- Known for: Sports Psychology

Academic background
- Education: Ph. D, Counseling Psychology
- Alma mater: Seton Hall University

Academic work
- Discipline: Psychology
- Sub-discipline: Cognitive behavioral therapy
- Institutions: Felician University; Rutgers University;
- Notable works: The Relationship Between Stress, Fatigue, and Cognitive Functioning; Modismos: Mindfulness and the Importance of Language With Latin American Clients; Meditation Journal for Anxiety: Daily Meditations, Prompts, and Practices for Finding Calm; Mindfulness Working for Beginners: Exercises and Meditations to Relieve Stress, Find Joy, and Cultivate Gratitude;
- Website: https://gsapp.rutgers.edu/faculty/peter-economou

= Peter J. Economou =

American sports psychologist

Peter J. Economou is a psychologist, mental health counselor, academic executive, researcher, and performance coach of American football. He is best known as an advocate of integrating and promoting mental health awareness in collegiate sports and the founder of two nonprofit organizations: Share Our World, and The Counseling and Wellness Institute.

==Education==
Peter Economou is an alumnus of the Seton Hall University, from his Bachelor studies, finishing with a degree in Biological Science in 2002, through his Doctor of Philosophy, major in Counselling Psychology studies degree in 2011; his doctoral dissertation is titled "Experiences of the White Gay Male: An Investigation of the Relationship between Factors of Being Gay, Heterosexism, and the Stress Response System." In between, he studied Master of Arts, major in Counseling and Psychological Studies, graduating in 2006, then took up Educational Specialist studies in Counseling and Psychological studies, which he completed in 2007. Economou became the first Seton Hall swimmer to win a Big East Conference butterfly title and was named the program’s Sophomore Male Athlete of the Year in 2001. He was formally inducted into the Seton Hall Athletics Hall of Fame on 21 January 2023.
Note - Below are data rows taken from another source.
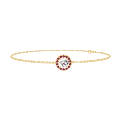 « L'ATELIER » NO. 200210Bracelet Yellow gold 9 carats - Laboratory Diamond round 0.3 Carats - Halo Ruby - Chain Rolo 4.7
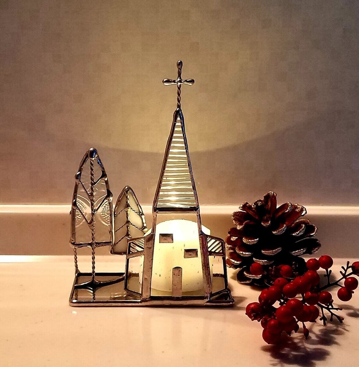 のっぽな教会と雪が積もるもみの木が並んでいるオフジェ。寒くなるこれからの季節に飾りたいステンドグラスです。
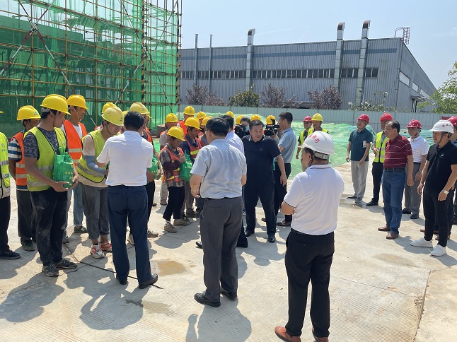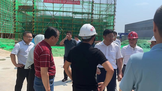 近日,黃山市天氣持續(xù)高溫酷熱,驕陽似火,黃山博盛消防裝備有限公司新廠區(qū)1-2#車間及研發(fā)中心工人仍堅守在施工一線,頂烈日,搶工期。7月26日上午,屯溪區(qū)委書記吳旭光、區(qū)委副書記、區(qū)長楊林,區(qū)人大常委會主任朱學(xué)軍,區(qū)政協(xié)主席袁震宇,區(qū)政協(xié)副主席杜祖紅等一行深入工地現(xiàn)場,開展“送清涼進工地”活動,看望慰問項目部一線職工。

=== Licenses and certifications ===
Economou is licensed and practicing as a psychologist in New York and as psychologist and Professional Counselor in New Jersey, while teaching in the university, and fulfilling other professional roles. He is Board Certified in Cognitive and Behavioral Therapy, and a Certified Mental Performance Consultant through the Association of Applied Sport Psychology.

==Career and research==
Peter Economou previously taught at the Felician University, before being employed in Rutgers University since 2018, where he is currently an assistant professor, head of the Organizational Psychology Program while also being the Director of Behavioral Health and Sport Psychology Department. The embedded program is regarded by Rutgers as one of only two Power‑5 athletics departments whose sport‑psychology services are overseen by tenure‑track faculty.

In 2008, he founded the nonprofit Non-governmental Organization, Share Our World, dedicated to delivering culturally centered education, advancing cultural diversity, and expanding awareness around mental health. He also founded the Counseling and Wellness Institute in 2015 to support education and advance research in evidence-based practices and subsequent applications in mental health.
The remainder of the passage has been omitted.